The over-expressed reactive oxygen species (ROS) and hypoxia in the tissue microenvironment can disrupt normal tissue repair and regeneration, and then promote fibrosis and dysfunction, which are important causes of inflammatory diseases such as myocardial infarction. Therefore, timely and effective elimination of excessive ROS in tissues and improvement of the hypoxic environment are of great significance for inhibiting the inflammatory microenvironment and promoting tissue repair and regeneration.

In response to this problem, the team of Professor Gao Changyou of Zhejiang University first synthesized a product through the Michael addition reaction between the double bond of polyethylene glycol diacrylate (Mn=575, PEGDA575) and the amino group of the small molecule of ketal thiol diamine. A new type of active oxygen-responsive hyperbranched polymer (HBPAK) with double bond end groups. Furthermore, HBPAK, methacrylic acid-modified hyaluronic acid (HA-MA), catalase (CAT) that can catalyze hydrogen peroxide into water and oxygen, and an aqueous solution of the photoinitiator LAP are thoroughly mixed, and under ultraviolet light It can be cross-linked in a few seconds to obtain a bifunctional hydrogel (Figure 1). The hydrogel has both the functions of eliminating active oxygen and releasing oxygen, which can specifically alleviate the excessive inflammation and hypoxia of the microenvironment of myocardial infarction, and effectively promote the repair and treatment of myocardial infarction tissue.

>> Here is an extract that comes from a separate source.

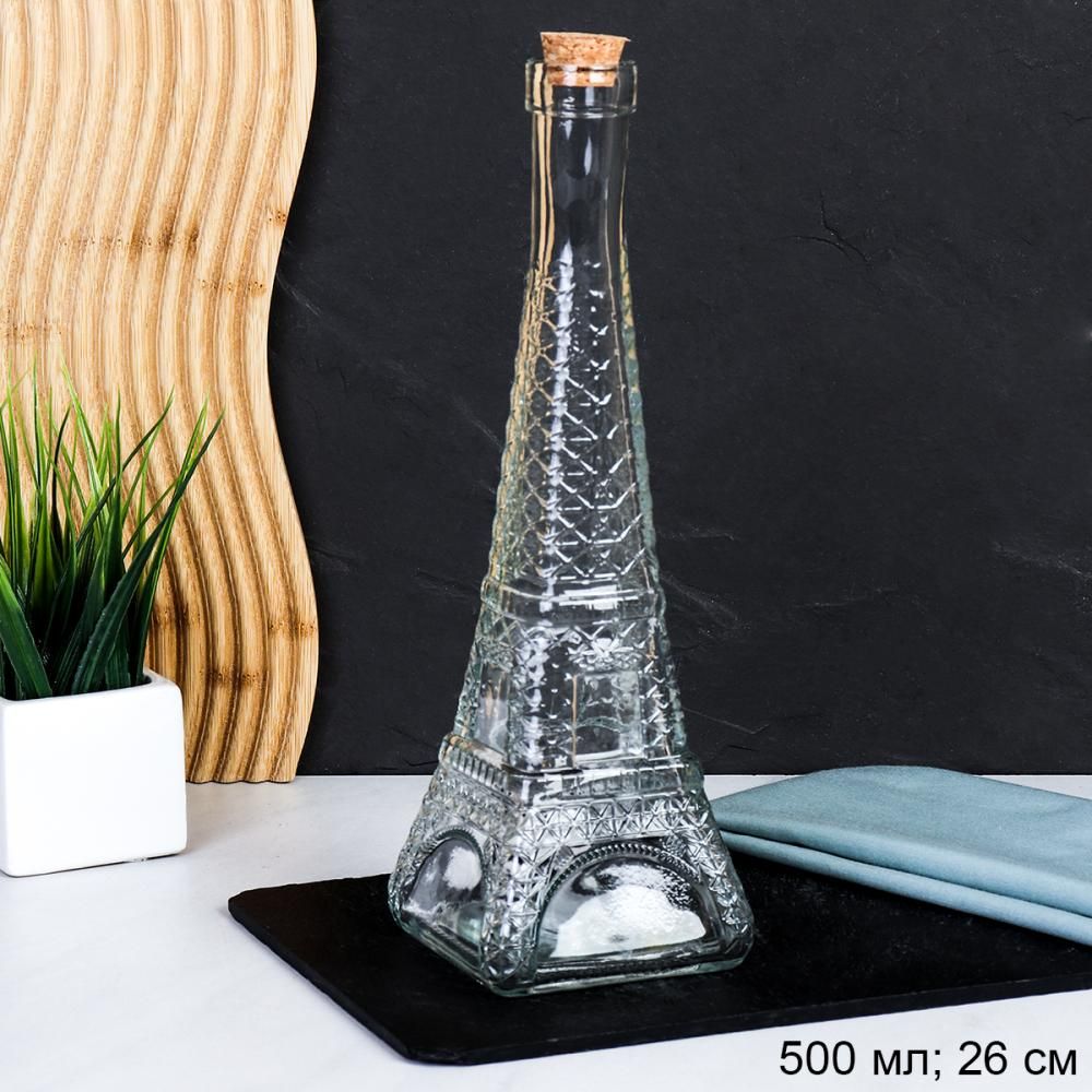 Бутылка штоф 500мл Эйфелева башня с бамбуковой пробкой 26см

Figure 1 Construction of an injectable hydrogel capable of eliminating active oxygen and releasing oxygen and the principle of treatment of myocardial infarction

They prepared four different hydrogel materials (dual function, single function of active oxygen elimination or oxygen release, and non-functional control hydrogel) and injected them into the infarcted myocardium of myocardial infarction rats to investigate the body The therapeutic effect. The echocardiographic test and Masson staining results after 28 days (Figure 2) show that the four hydrogels can improve heart function and reduce the area of myocardial infarction to varying degrees, while the dual-function hydrogel can significantly increase the ejection fraction (EF) and short axis shortening rate (FS) values, improve systolic function, reduce left ventricular end systolic volume (ESV) and end diastolic volume (EDV) values, inhibit ventricular volume enlargement and ventricular remodeling, and reduce the area of myocardial infarction, Has the best myocardial infarction repair effect.

Further analysis showed that the bifunctional hydrogel can effectively reduce the content of free radicals in myocardial infarction tissue in situ, relieve hypoxia, reduce the content of inflammatory factor TNF-α in the serum of the body, inhibit cell apoptosis, and improve tissue repair type The ratio of M2/inflammatory M1 macrophages promotes vascularization. The bifunctional hydrogel has no cell loading components, is easy to prepare and operate, and has great application potential.

Figure 2 The results of ultrasonography and Masson staining in rats with myocardial infarction after 28 days

The research work "A Reactive Oxygen Species Scavenging and O2 Generating Injectable Hydrogel for Myocardial Infarction Treatment in vivo" was recently published in Small magazine. The first author of the paper is Ding Jie, a doctoral student in the Department of Polymer Science, Zhejiang University, and the corresponding author is Professor Gao Changyou, the Department of Polymer Science, Zhejiang University.